In altri termini, il messaggio che si è scelto di dare è che i tecnici hanno più competenze dei politici, e, dunque, che i politici sono meno competenti dei tecnici. Conseguenza ovvia e naturale, è lo scatenarsi di un sentimento basato sulla contezza di inutilità del politico, e, quindi, dell’intero sistema dei partiti, fino a giungere alla consapevolezza che la democrazia parlamentare non funziona.
Ma del resto, che poche centinaia di uomini possano decidere per milioni di cittadini, non fa altro che svelare l’inganno che si è perpetrato dietro la formula del vecchio parlamentarismo, corroso dagli eventi e dalla pochezza dei vari onorevoli e senatori: una vera e propria oligarchia in grado di scegliere, in qualsiasi momento, governi, politiche, obblighi e divieti…
Se non fosse per la cappa ideologica che avvolge questo sistema da qualche decennio in tutto il c.d. mondo occidentale, una sana discussione politica, filosofica, giuridica, ammetterebbe quello che il pensiero politico europeo, partendo da Aristotele e Platone, conosce da millenni: che vi sono tante forme di governo, che ognuna può essere valida, e che ciò che conta è il perseguimento concreto del bene comune e non tanto la mera titolarità astratta dell’esercizio del potere sovrano.
Ma siccome la realtà è cosa diversa dall’ideologia, e siccome la democrazia parlamentare è un regime ideologico, la storia prende percorsi suoi propri, realizzandosi de facto ciò che non può essere espresso de jure: la nomina, da parte di una ristretta cerchia di persone, di una sorta di “salvatore della Patria” libero di agire grazie ad accordi estesi con la quasi totalità delle forze politiche parlamentari, ricorda troppo da vicino, almeno prima facie, la dittatura romana, non avendo, però, tutti i crismi giuridici che l’istituzione della Roma repubblicana possedeva.
In realtà, la tecnocrazia è cosa molto diversa dalla dittatura romana: al modello repubblicano romano bisognerebbe invece rifarsi in termini di virtus civica, al fine di rigenerare la classe politica e, di conseguenza, sanare il sistema-Paese: non è un caso che per lungo tempo i romani abbiano avuto come modello ideale di riferimento Lucio Quinzio Cincinnato, dittatore per diversi mandati, grande giurista e contadino.

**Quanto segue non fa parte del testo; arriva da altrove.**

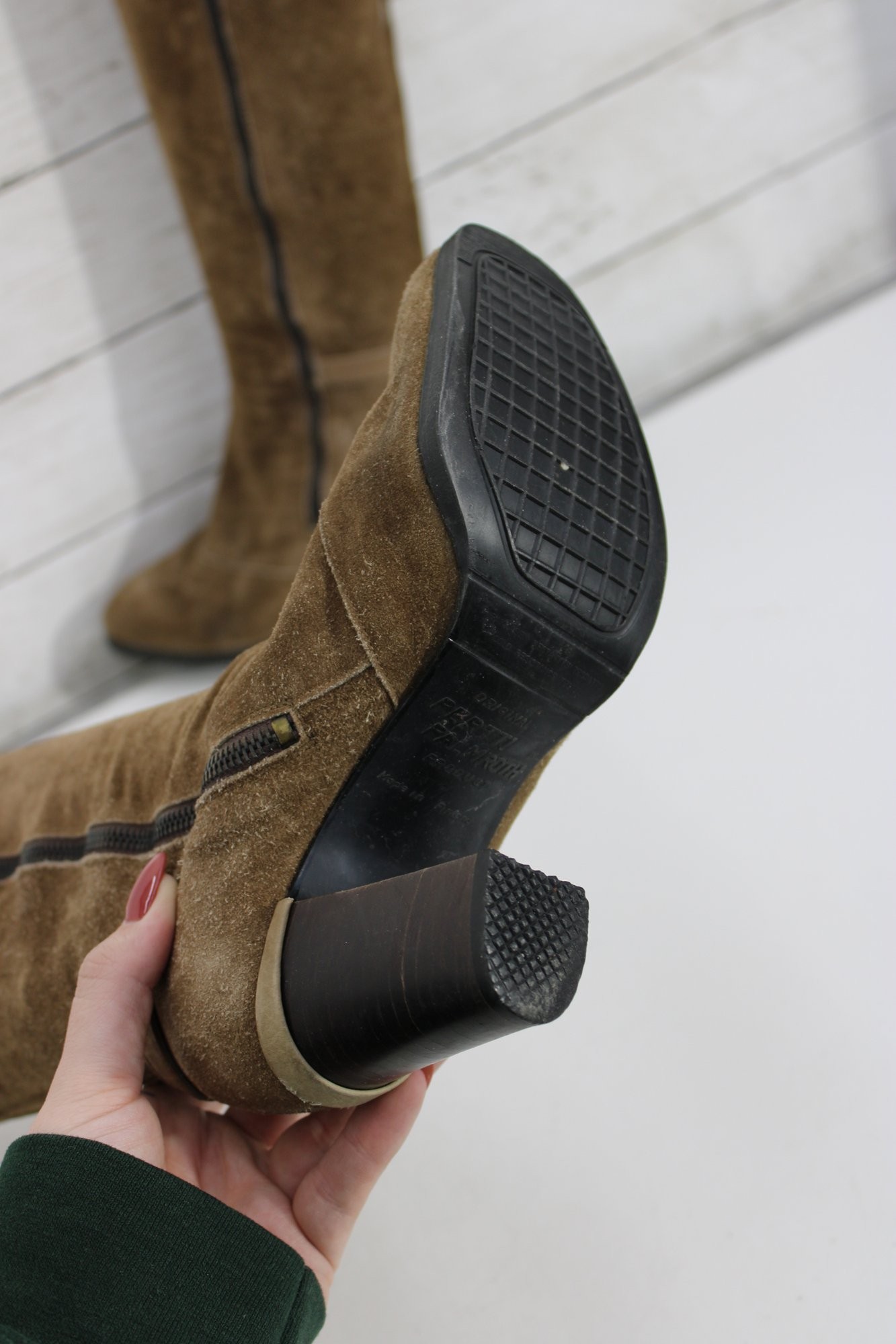 Designed with a side zipper for easy wear, these boots offer both style and practicality. A well-made vintage pair with enduring appeal.

La storia di Cincinnato è nota: politico e giurista di altissimo livello, preferì condurre una vita modesta coltivando la terra di famiglia, rimettendosi alla volontà del Senato e del Popolo romano ogniqualvolta venisse richiesta la propria competenza per la guida della Res Publica. Ed in effetti, oltre a ricoprire l’incarico di Console, fu nominato Dittatore per ben due volte, lasciando la carica – dotata di un potere enorme – appena risolti i problemi per tornare a zappare il proprio terreno, lontano dai fasti della politica.
Insomma, la virtus di Cincinnato, chiaro modello della virtù repubblicana, consisteva nel non cercare l’incarico politico – magari per vanità, per gloria, o per sete di potere – ma al contrario, mettersi a disposizione dell’intera comunità quando questa ne avesse avuto bisogno, quando questa ne richiedeva l’intervento: la Toga, le conoscenze, la formazione, la cultura, al servizio di tutti quando ciò fosse stato richiesto, e non, invece, l’affanno per piazzarsi in qualche posto…

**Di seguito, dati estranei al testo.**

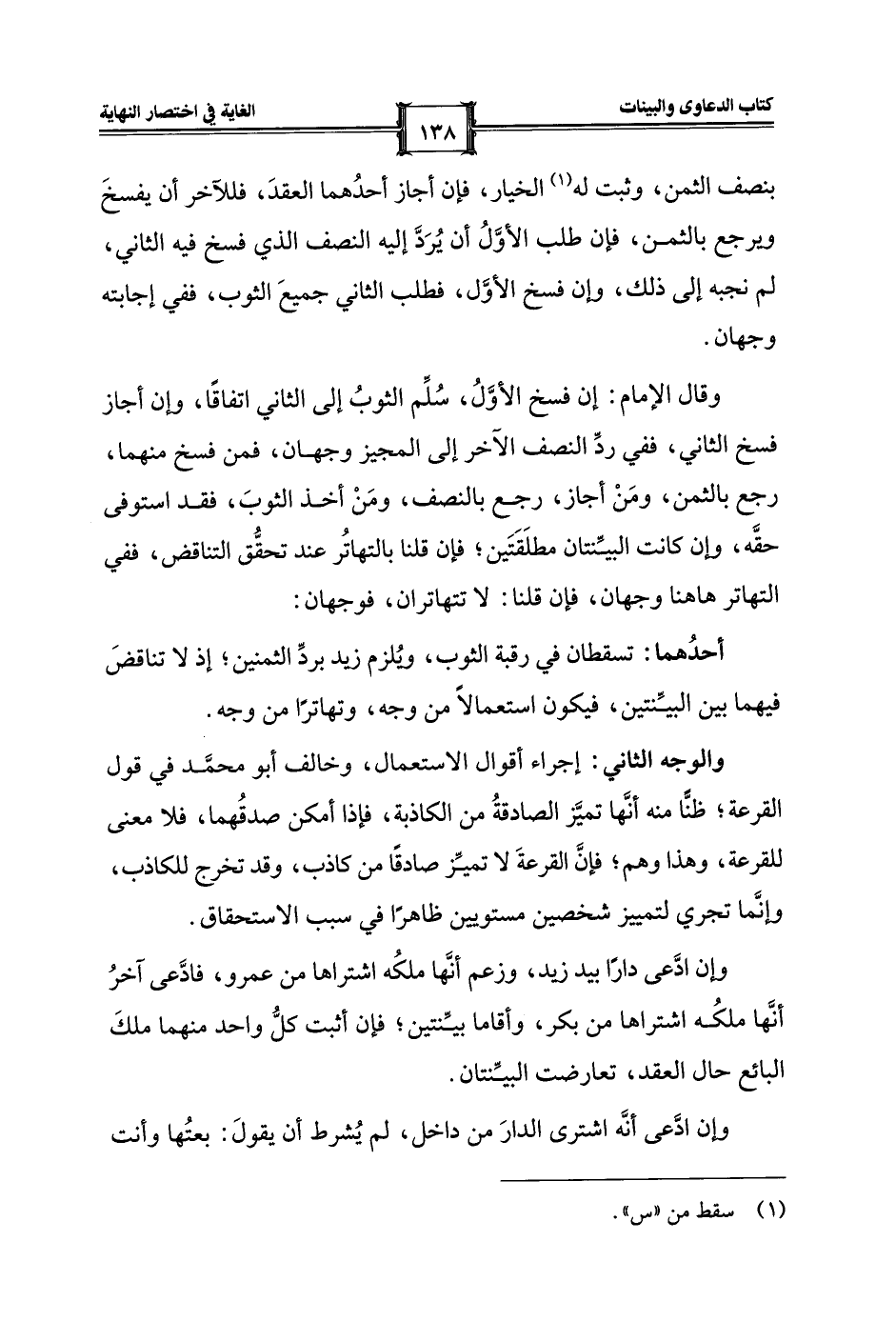 وقال الإمام: إن فسخ الأوَّلُ، سُلِّم الثوبُ إلى الثاني اتفاقًا، وإن أجاز فسخ الثاني، ففي ردِّ النصف الآخر إلى المجيز وجهان، فمن فسخ منهما، رجع بالثمن، ومَنْ أجاز، رجع بالنصف، ومَنْ أخذ الثوبَ، فقد استوفى حقَّه، وإن كانت البيِّنتان مطلَقَتَين؛ فإن قلنا بالتهاتُر عند تحقُّق التناقض، ففي التهاتر هاهنا وجهان، فإن قلنا: لا تتهاتران، فوجهان:

Al contempo, è la zappa, il simbolo del lavoro dei campi, della cura della terra, della sapienza contadina, a brillare come astro portante nella vita del dittatore romano, in quanto garanzia di capacità, dedizione, sacrificio, pazienza, fiducia…
La toga e la zappa: conoscenza e padronanza del mondo del Diritto – che nell’universo romano abbraccia non solo le leggi, ma valori, civiltà, senso religioso, identità – e lavoro umile, necessitante di apprendimento continuo, fondato sull’aver cura, sul “colĕre”.
La toga e la zappa. Quello che manca ai politici di oggi, troppo spesso incompetenti, assetati di incarichi e candidature, avulsi dal sacrificio del lavoro quotidiano, incapaci di aver cura, di pazientare, di seminare prima di poter raccogliere…
La toga e la zappa. Per ripartire dalla virtus. Per rifondare la Civitas.